1 KINGS 17:8-16

By: Rev. Rosemarie C. Smurzynski


Scripture Reading: 1 Kings 17:8-16 (17-24)

Then the word of the Lord came to him, saying, "Go now to Zarephath, which belongs to Sidon, and live there; for I have commanded a widow there to feed you." So he set out and went to Zarephath. When he came to the gate of the town, a widow was there gathering sticks; he called to her and said, "Bring me a little water in a vessel, so that I may drink." As she was going to bring it, he called to her and said, "Bring me a morsel of bread in your hand." But she said, "As the Lord your God lives, I have nothing baked, only a handful of meal in a jar, and a little oil in a jug; I am now gathering a couple of sticks, so that I may go home and prepare it for myself and my son, that we may eat it, and die." Elijah said to her, "Do not be afraid; go and do as you have said; but first make me a little cake of it and bring it to me, and afterwards make something for yourself and your son. For thus says the Lord the God of Israel: The jar of meal will not be emptied and the jug of oil will not fail until the day that the Lord sends rain on the earth." She went and did as Elijah said, so that she as well as he and her household ate for many days. The jar of meal was not emptied, neither did the jug of oil fail, according to the word of the Lord that he spoke by Elijah. 

(After this the son of the woman, the mistress of the house, became ill; his illness was so severe that there was no breath left in him. She then said to Elijah, "What have you against me, O man of God? You have come to me to bring my sin to remembrance, and to cause the death of my son!" But he said to her, "Give me your son." He took him from her bosom, carried him up into the upper chamber where he was lodging, and laid him on his own bed. He cried out to the Lord, "O Lord my God, have you brought calamity even upon the widow with whom I am staying, by killing her son?" Then he stretched himself upon the child three times, and cried out to the Lord, "O Lord my God, let this child's life come into him again." The Lord listened to the voice of Elijah; the life of the child came into him again, and he revived. Elijah took the child, brought him down from the upper chamber into the house, and gave him to his mother; then Elijah said, "See, your son is alive." So the woman said to Elijah, "Now I know that you are a man of God, and that the word of the Lord in your mouth is truth.") 
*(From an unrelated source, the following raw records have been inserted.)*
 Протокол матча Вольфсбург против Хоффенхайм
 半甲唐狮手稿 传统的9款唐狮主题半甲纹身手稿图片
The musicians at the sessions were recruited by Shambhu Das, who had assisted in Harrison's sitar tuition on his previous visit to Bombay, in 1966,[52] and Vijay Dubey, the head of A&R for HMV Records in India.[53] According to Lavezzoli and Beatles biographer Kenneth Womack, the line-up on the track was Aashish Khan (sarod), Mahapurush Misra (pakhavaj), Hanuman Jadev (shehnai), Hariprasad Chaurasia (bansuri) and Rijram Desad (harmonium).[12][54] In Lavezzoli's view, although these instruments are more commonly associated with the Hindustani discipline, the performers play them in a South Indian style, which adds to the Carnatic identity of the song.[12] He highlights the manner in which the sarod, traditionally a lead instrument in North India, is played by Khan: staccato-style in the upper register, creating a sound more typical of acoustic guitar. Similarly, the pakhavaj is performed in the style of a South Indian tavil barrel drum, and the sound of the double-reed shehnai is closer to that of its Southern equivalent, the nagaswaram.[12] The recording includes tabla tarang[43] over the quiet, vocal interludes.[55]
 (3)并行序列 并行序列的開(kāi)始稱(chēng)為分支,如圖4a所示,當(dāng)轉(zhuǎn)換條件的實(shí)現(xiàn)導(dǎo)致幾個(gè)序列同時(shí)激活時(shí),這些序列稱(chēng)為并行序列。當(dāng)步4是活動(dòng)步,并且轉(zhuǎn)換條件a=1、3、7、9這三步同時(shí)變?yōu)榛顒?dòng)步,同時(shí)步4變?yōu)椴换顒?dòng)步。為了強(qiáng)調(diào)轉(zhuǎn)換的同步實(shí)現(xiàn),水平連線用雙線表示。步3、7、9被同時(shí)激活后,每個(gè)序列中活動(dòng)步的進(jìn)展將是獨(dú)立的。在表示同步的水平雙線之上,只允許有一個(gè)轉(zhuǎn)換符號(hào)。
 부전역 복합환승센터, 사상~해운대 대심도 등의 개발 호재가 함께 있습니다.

Of course we know the Hebrew song, Dayenu, sung ritually at the Passover Seder. The minute I set my eyes on I Kings 17, I hadn’t read since I studied Old Testament at Divinity School, my mind began to sing, Dayenu. “If God had done just this, it would have been enough” the song plays through fifteen verses of God’s great acts toward Israel. Our lectionary today reads two miracle stories, and is prefaced by a third.
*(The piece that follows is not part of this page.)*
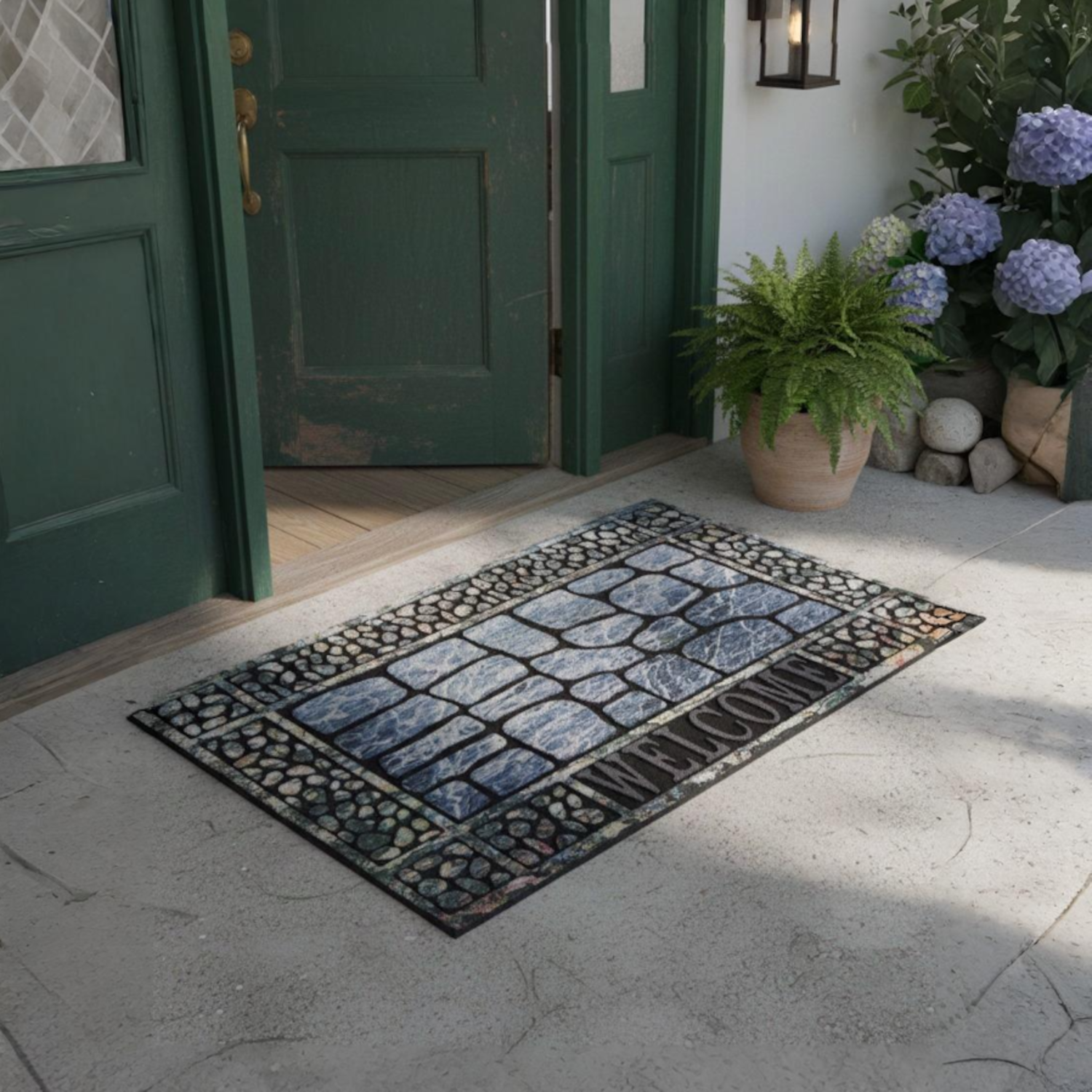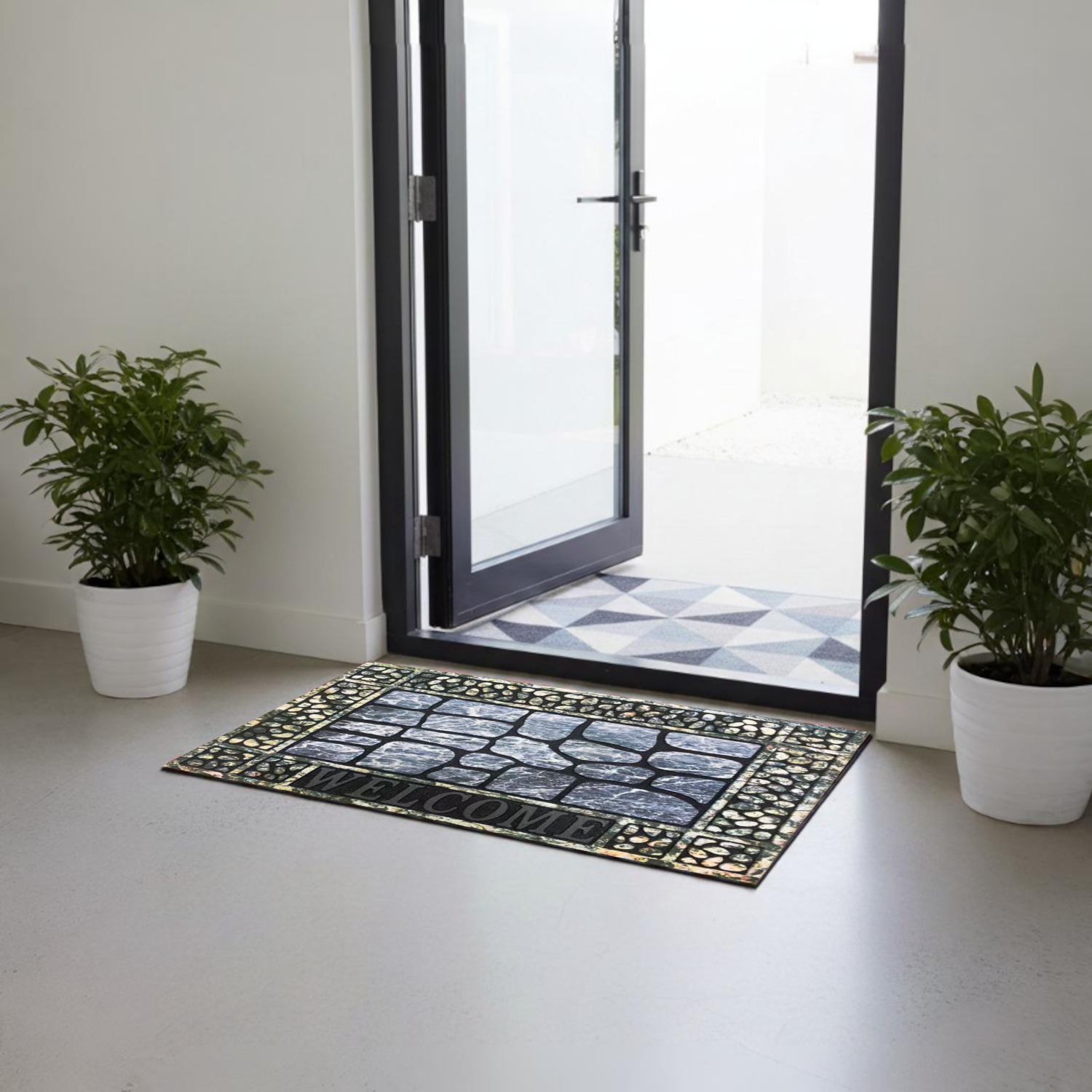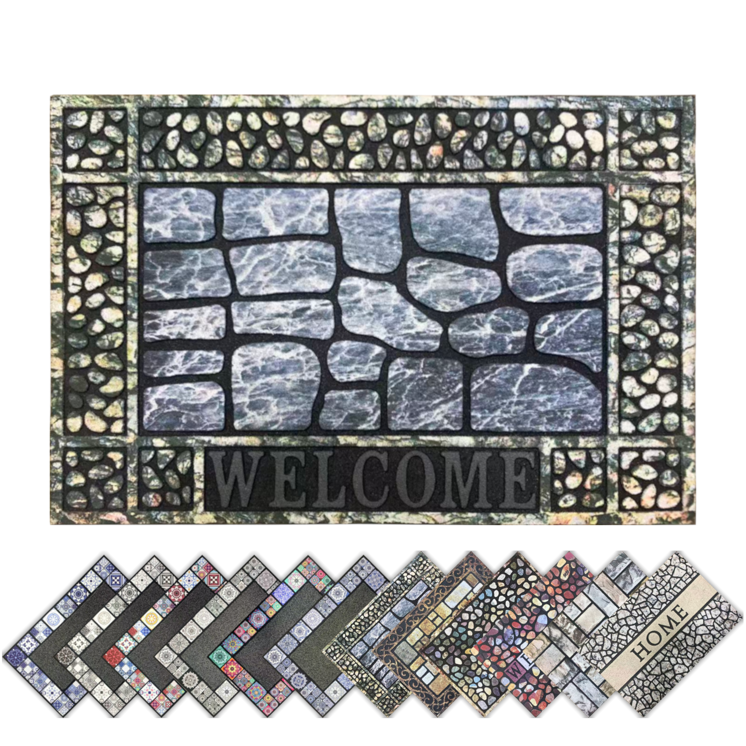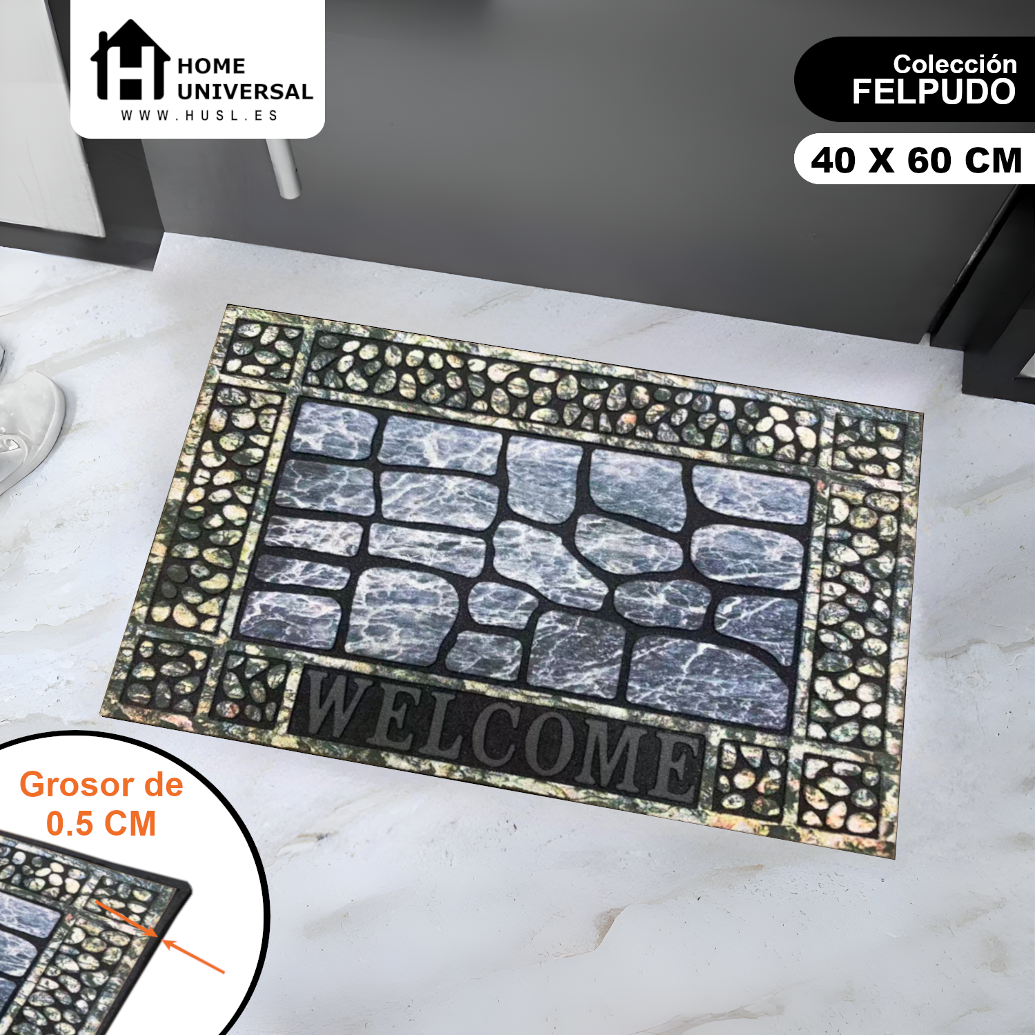 Home Universal® Felpudo de Goma Antideslizante para Exterior y interior – Resistente a Lluvia y Barro, Limpia Zapatos, Alta Durabilidad – Varias Medidas, 40X60CM, WELCOME (Lajas Grises con Marco)

By history we know it was the worst of times: King Ahab ruled with his Baal worshipping wife beside him, the infamous prophet slayer, Jezebel. The kingdom was in drought and Ahab succumbed to the worship of the storm God of his wife. Elijah enters and in prophet form, speaks truth to power. There is but one God, the God of Israel. And so Elijah flees for safety.

By scripture we know it was the best of times: Elijah’s message falls on ears ready to hear, of God’s great act to care for God’s people. 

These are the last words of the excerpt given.